AIM OF THE EXERCISE ->
Your answer must be the full listing below, restated word for word, with no pictures in it.

SOURCE DATA ->

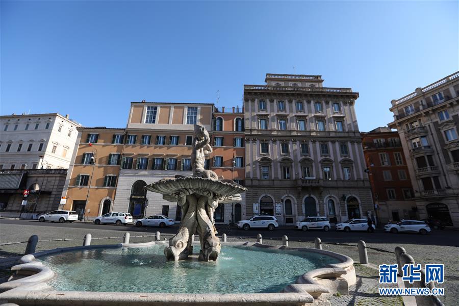 3月16日,在意大利首都羅馬,巴貝里尼廣場(chǎng)空曠無游人。新華社記者程婷婷攝
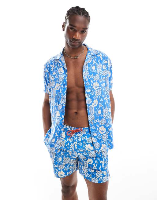 Hunky Trunks abstract print beach shirt in blue (part of a set)
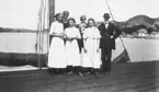 Tidigare hängdes lättare tvätt på särskild torkplan i land. I bakgrunden skymtar Ängö. Föreståndaren Hjalmar Rosengren står framför klapphuset.

YOUR RESPONSE ->
 3月16日,在意大利首都羅馬,巴貝里尼廣場(chǎng)空曠無游人。新華社記者程婷婷攝
 Hunky Trunks abstract print beach shirt in blue (part of a set)
 Tidigare hängdes lättare tvätt på särskild torkplan i land. I bakgrunden skymtar Ängö. Föreståndaren Hjalmar Rosengren står framför klapphuset.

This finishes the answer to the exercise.